Restate word for word the entries below, starting at the line with "Sweet bamboo sticks" and ending at the line with "В настоящем издании". Keep both end lines and omit the pictures.

+++ MATERIAL SHOWN +++

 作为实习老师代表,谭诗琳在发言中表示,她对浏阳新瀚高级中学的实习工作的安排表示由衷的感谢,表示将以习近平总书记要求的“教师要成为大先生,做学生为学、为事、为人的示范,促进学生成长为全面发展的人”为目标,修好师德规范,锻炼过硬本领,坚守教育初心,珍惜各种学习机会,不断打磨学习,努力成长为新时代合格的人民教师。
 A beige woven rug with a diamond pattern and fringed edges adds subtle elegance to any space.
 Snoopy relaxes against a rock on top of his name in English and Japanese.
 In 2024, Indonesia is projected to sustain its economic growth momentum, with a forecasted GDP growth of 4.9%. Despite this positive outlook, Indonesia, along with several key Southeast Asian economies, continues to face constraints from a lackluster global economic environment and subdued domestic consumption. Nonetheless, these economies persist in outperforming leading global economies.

+++
+++ MATERIAL SHOWN +++

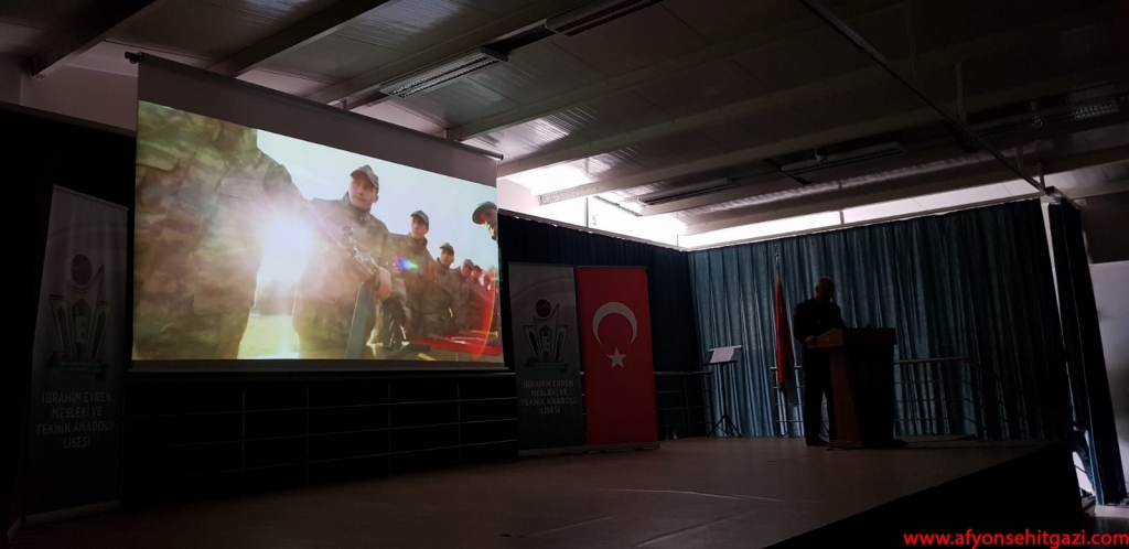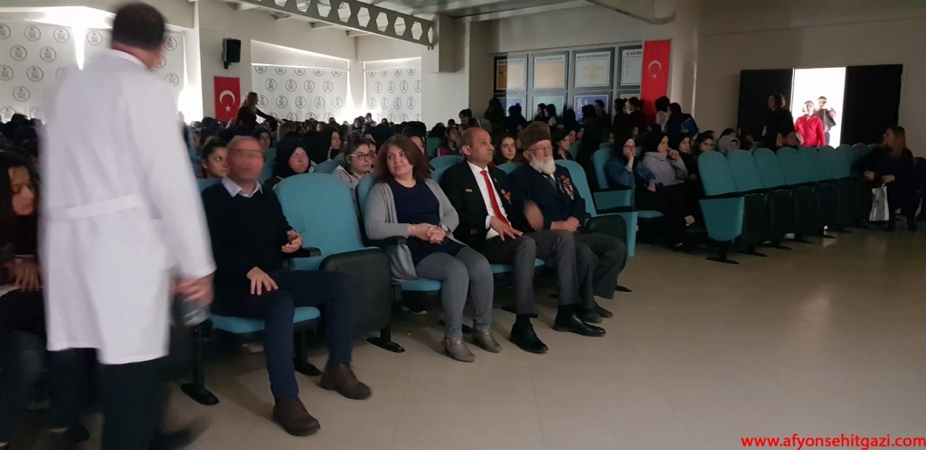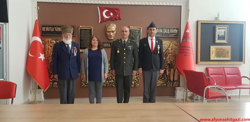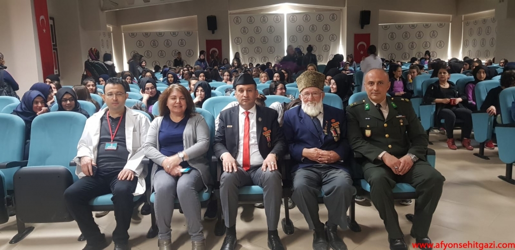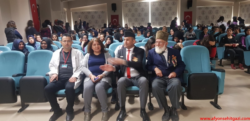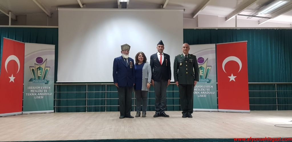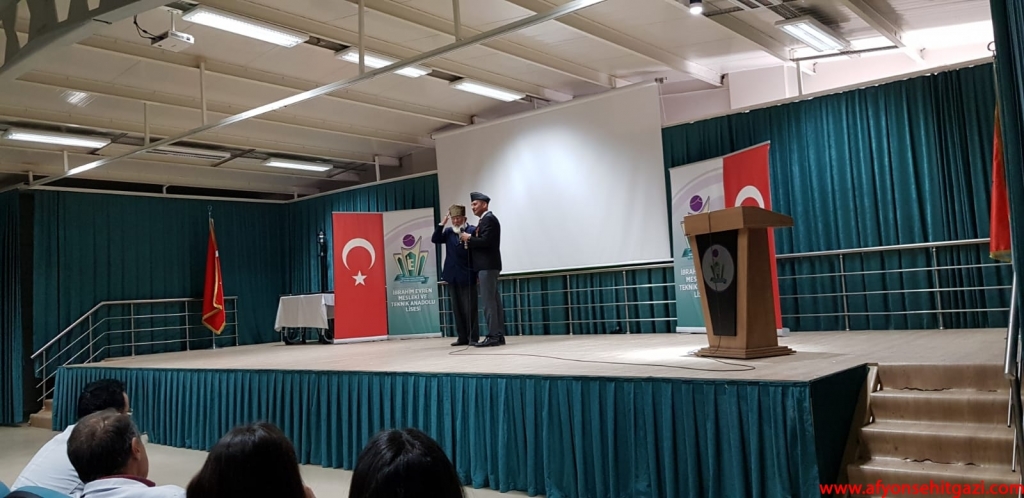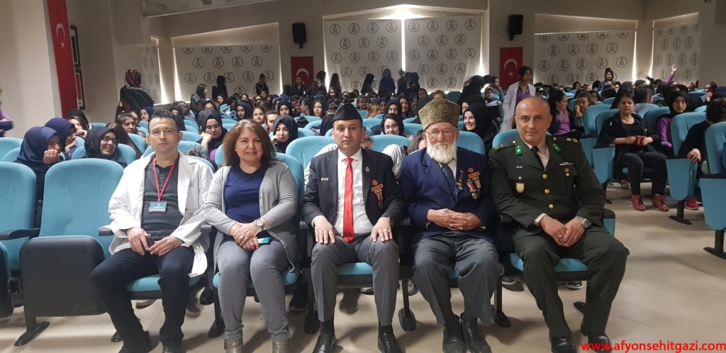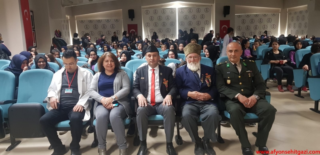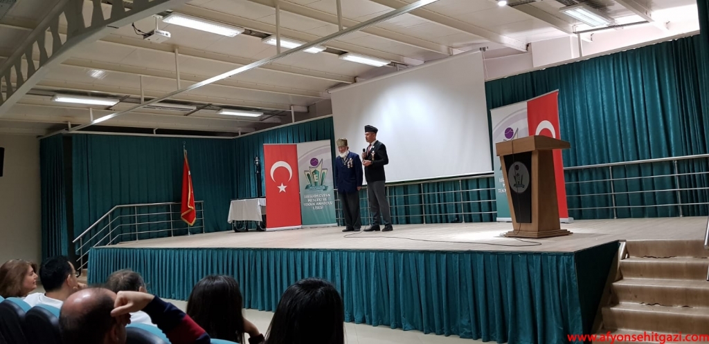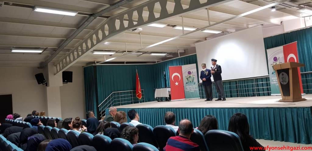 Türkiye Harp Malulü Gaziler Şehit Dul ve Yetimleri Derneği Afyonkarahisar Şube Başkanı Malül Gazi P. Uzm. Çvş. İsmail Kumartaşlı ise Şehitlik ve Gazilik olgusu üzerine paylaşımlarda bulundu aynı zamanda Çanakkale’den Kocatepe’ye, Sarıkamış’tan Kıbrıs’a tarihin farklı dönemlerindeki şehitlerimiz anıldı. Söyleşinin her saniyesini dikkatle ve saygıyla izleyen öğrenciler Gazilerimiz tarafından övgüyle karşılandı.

+++
+++ MATERIAL SHOWN +++

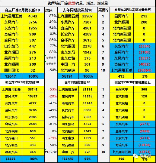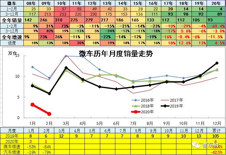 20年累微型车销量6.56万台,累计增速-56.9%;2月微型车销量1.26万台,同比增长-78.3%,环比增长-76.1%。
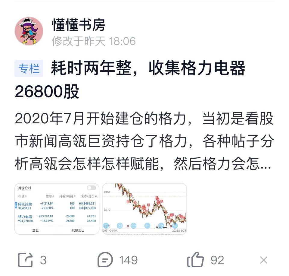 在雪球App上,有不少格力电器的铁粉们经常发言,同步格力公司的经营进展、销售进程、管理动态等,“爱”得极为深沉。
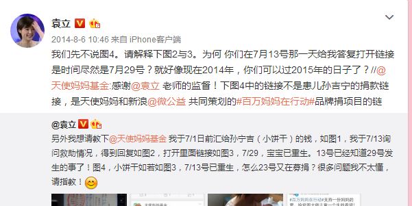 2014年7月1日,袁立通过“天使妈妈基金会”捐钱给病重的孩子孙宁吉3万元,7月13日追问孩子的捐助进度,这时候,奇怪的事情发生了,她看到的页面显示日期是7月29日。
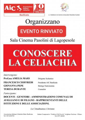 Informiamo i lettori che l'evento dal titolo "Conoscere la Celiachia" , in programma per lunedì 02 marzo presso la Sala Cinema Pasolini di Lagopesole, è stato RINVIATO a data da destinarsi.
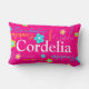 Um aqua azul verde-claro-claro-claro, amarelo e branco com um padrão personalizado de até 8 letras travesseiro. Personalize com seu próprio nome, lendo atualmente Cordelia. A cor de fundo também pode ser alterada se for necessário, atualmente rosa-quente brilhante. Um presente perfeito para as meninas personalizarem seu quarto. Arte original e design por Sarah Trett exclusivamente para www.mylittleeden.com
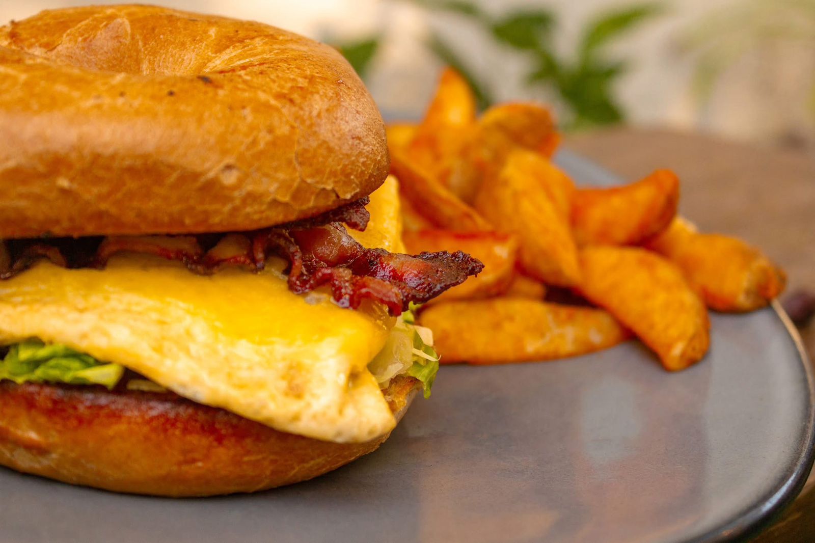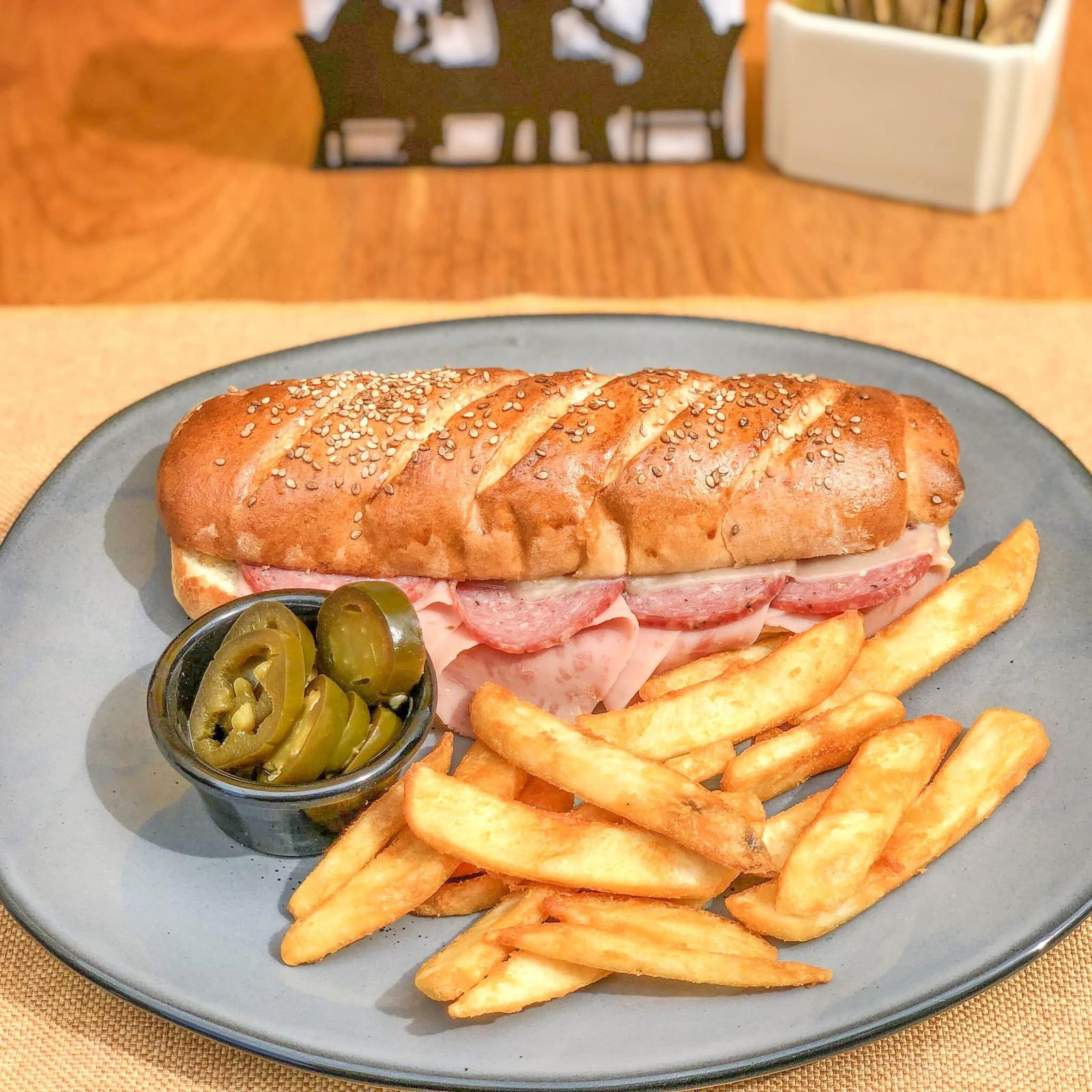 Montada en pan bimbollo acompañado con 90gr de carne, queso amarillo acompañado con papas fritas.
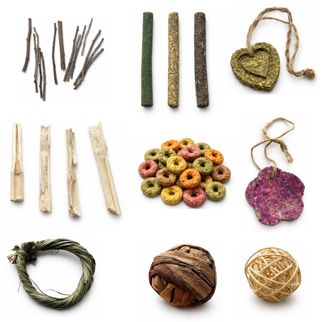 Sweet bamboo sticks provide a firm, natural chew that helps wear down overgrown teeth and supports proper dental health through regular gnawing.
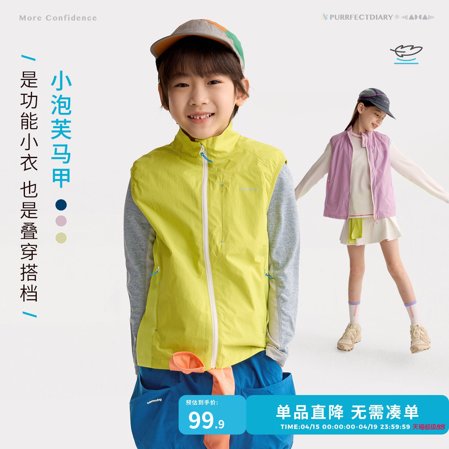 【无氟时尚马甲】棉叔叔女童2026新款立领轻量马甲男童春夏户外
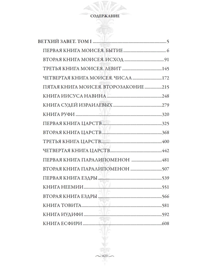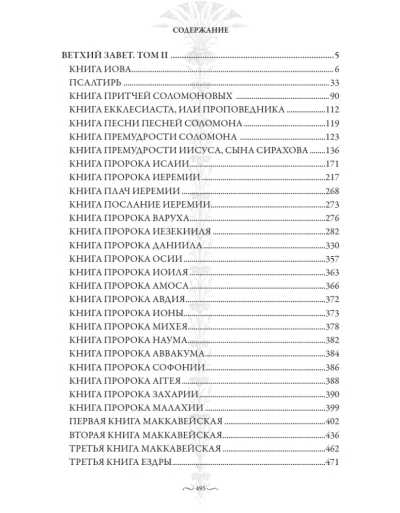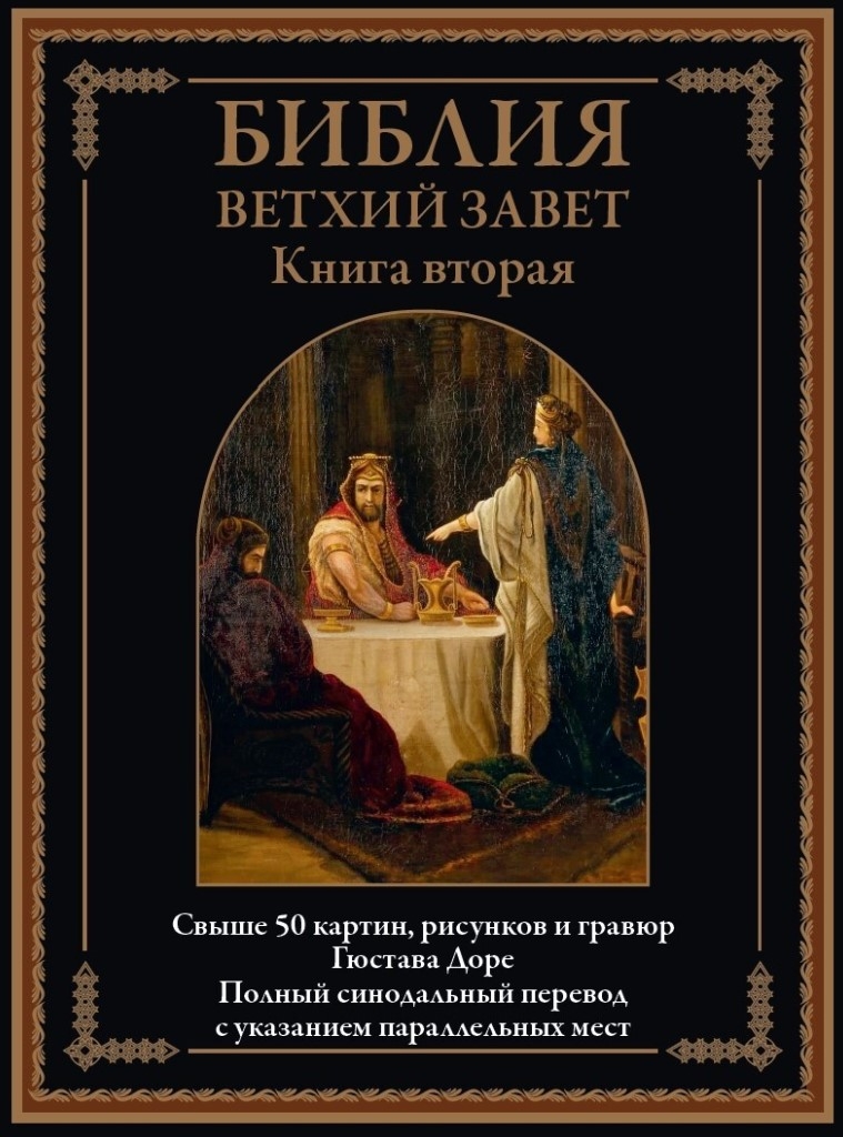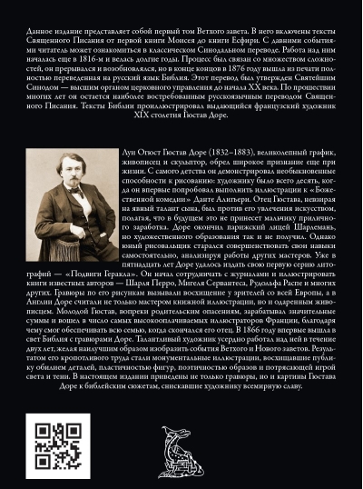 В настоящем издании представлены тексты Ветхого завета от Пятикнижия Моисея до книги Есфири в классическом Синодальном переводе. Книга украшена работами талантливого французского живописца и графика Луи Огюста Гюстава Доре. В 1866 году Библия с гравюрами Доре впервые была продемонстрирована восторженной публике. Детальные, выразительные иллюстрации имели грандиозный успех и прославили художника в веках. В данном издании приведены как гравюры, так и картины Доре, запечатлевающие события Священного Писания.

+++

▶ SOLUTION TO THE EXERCISE:
 Sweet bamboo sticks provide a firm, natural chew that helps wear down overgrown teeth and supports proper dental health through regular gnawing.
 【无氟时尚马甲】棉叔叔女童2026新款立领轻量马甲男童春夏户外
 В настоящем издании представлены тексты Ветхого завета от Пятикнижия Моисея до книги Есфири в классическом Синодальном переводе. Книга украшена работами талантливого французского живописца и графика Луи Огюста Гюстава Доре. В 1866 году Библия с гравюрами Доре впервые была продемонстрирована восторженной публике. Детальные, выразительные иллюстрации имели грандиозный успех и прославили художника в веках. В данном издании приведены как гравюры, так и картины Доре, запечатлевающие события Священного Писания.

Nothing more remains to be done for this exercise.